L’espérance vue par Hantaï

Simon Hantai

Par la qualité des œuvres présentées, la rétrospective que le musée national d’art moderne consacre à Simon Hantaï rend un hommage d’ampleur à un des peintres importants de la deuxième moitié du XXe siècle, mort en 2008. Le spectateur  s’immerge dans un parcours artistique dense, dont la première étape consiste à s’extraire d’un surréalisme de convention, à vrai dire peu convaincant et encore formel. Abandonnant ces rives déjà visitées, Hantaï semble plonger en lui et s’élever dans la contemplation. Il chemine, d’expériences en expériences, et on assiste, sur la toile, à une conversion, un apurement, une décantation.

Sa peinture sculpte la lumière, la laissant sourdre du fond des toiles ou éclater de candeur, donnant vie aux couleurs et à la matière-même de la toile. Pour cela et de manière très nette, Hantaï prend appui sur la tradition spirituelle occidentale. Au contraire du destin tragique de Rothko dont les toiles traduisent une plongée progressive dans le désespoir, la voie choisie par Hantaï manifeste un puissant souffle d’espérance.

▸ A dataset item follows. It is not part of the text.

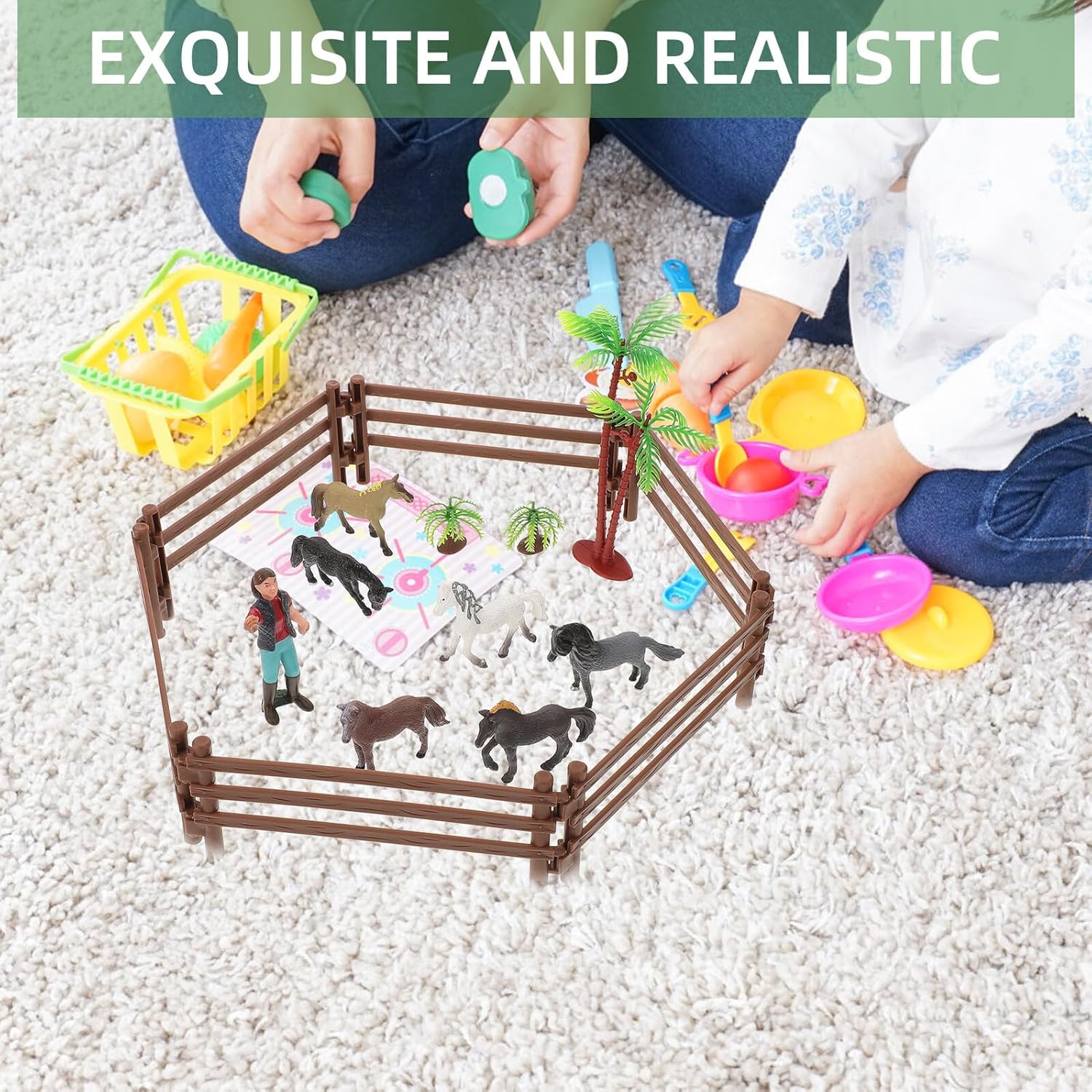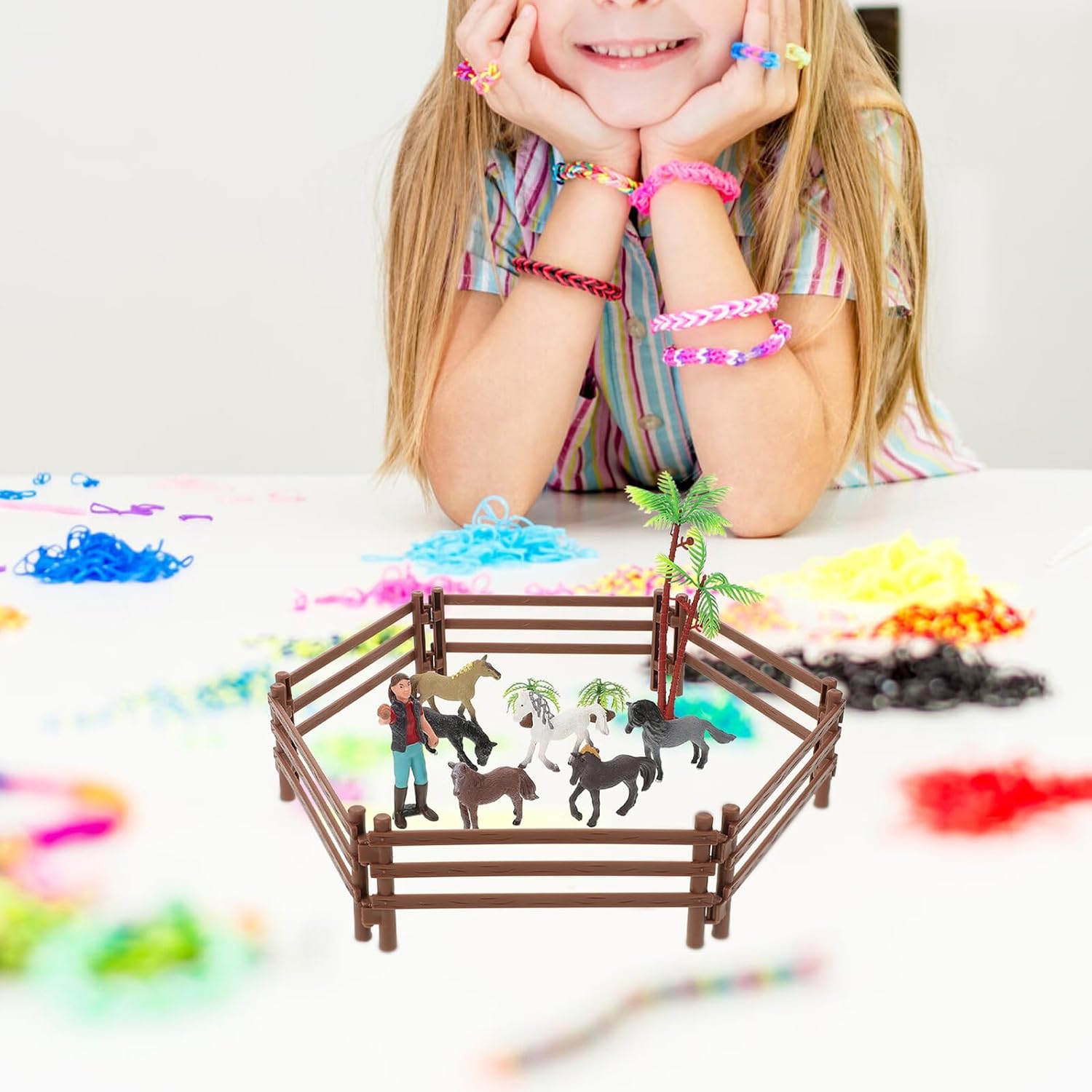 Miniature di animali da fattoria: i modelli in miniatura possono essere utilizzati come giocattoli per , oggetti di scena per la fotografia, accessori per la decorazione di stalle per cavalli in miniatura per case di bambole, modelli di stalle per giocattoli in miniatura Di recinto giocattolo: questo set di modelli di stalle per cavalli può insegnare loro alcune nozioni sulle stalle e anche esercitare le capacità pratiche, piccola statua di cavallo Mini recinzione: un set di giocattoli che può fornire informazioni sulla stalla dei cavalli sì che i imparino alcune nozioni sui cavalli, di recinzione in miniatura Recinto per giochi per : accessori realistici per modelli di stalle per cavalli con dettagli eccellenti e affidabilità nella lavorazione, giocattolo per piccoli Kit di fattoria in miniatura: questo set di giocattoli per stalle per cavalli include alcune miniature di cavalli realistiche, decorazioni per recinti e altri modelli di decorazioni per la disposizione delle scene, recinzione giocattolo per

De la croix blanche sur fond noir de « Souvenir de l’avenir » jusqu’aux dernières toiles, la série des « tabula » où la couleur et la matière s’effacent devant la blancheur, se fait jour un itinéraire spirituel, nourri des lectures de la Bible et des grands saints mystiques, Saint Ignace, Saint Augustin, d’une méditation sur la Vierge Marie, d’une pratique sacramentelle puisque « Écriture Rose » est peint chaque jour – comme l’on écrit les icônes –, durant une année, au retour de la messe, en reproduisant les textes de l’office et ceux des mystiques grâce à des encres aux couleurs liturgiques et qui, sans que cela soit volontaire, produisent finalement un rose d’aurore. Cette peinture qui pourrait paraître brute est en fait pétrie de références spirituelles et notamment chrétiennes.

Et c’est là que le bât blesse dans cette exposition par ailleurs remarquable. Aucun élément biographique ne nous guide sur cette voie passionnante, aucune mention des sources du travail, de son entourage. L’œuvre pour l’œuvre, décontextualisée pour une large part comme cela est souvent d’usage dans les expositions actuelles ; l’idée romantique de l’irruption dans le temps d’une originalité spécifique, d’une individualité sans racines et sans tradition. Et comme indications, intéressantes mais insuffisantes, des commentaires sur les techniques employées, les différents modes de pliage, la succession des expérimentations, les talents de coloriste. On nous répondra bien sûr que le visiteur ne doit pas être enfermé dans un réseau tentaculaire de références dont, par ce qu’il faut bien appeler une forme de mépris, on estime qu’elles lui échappent ; que l’œuvre parle d’elle-même. Cela est discutable et confine, on l’a dit au dédain de ceux qui souhaitent comprendre pour mieux apprécier, de ceux qui sont heureux d’apprendre que l’art d’aujourd’hui est inscrit dans une temporalité et une culture, dans une tradition artistique et spirituelle plus que deux fois millénaire. Alors pourquoi cette lacune, cette carence ? Nous l’expliquons de deux manières. Soit les commissaires de l’exposition ont choisi de porter une vision d’abord esthétisante où l’unicité du geste prime, ce qui condamne à terme l’idée même d’une histoire de l’art, fît-elle place à la discontinuité et à l’irruption du singulier ; soit, et cela serait davantage inquiétant, les concepteurs de la rétrospective souhaitent passer sous silence l’inspiration spirituelle et chrétienne de l’œuvre de Hantaï. Cette négation nous semblerait un signe préoccupant d’une civilisation qui se refuse à inclure dans la culture contemporaine sa part la plus haute, part assumée par l’artiste, ne serait-ce que dans les titres de ses œuvres.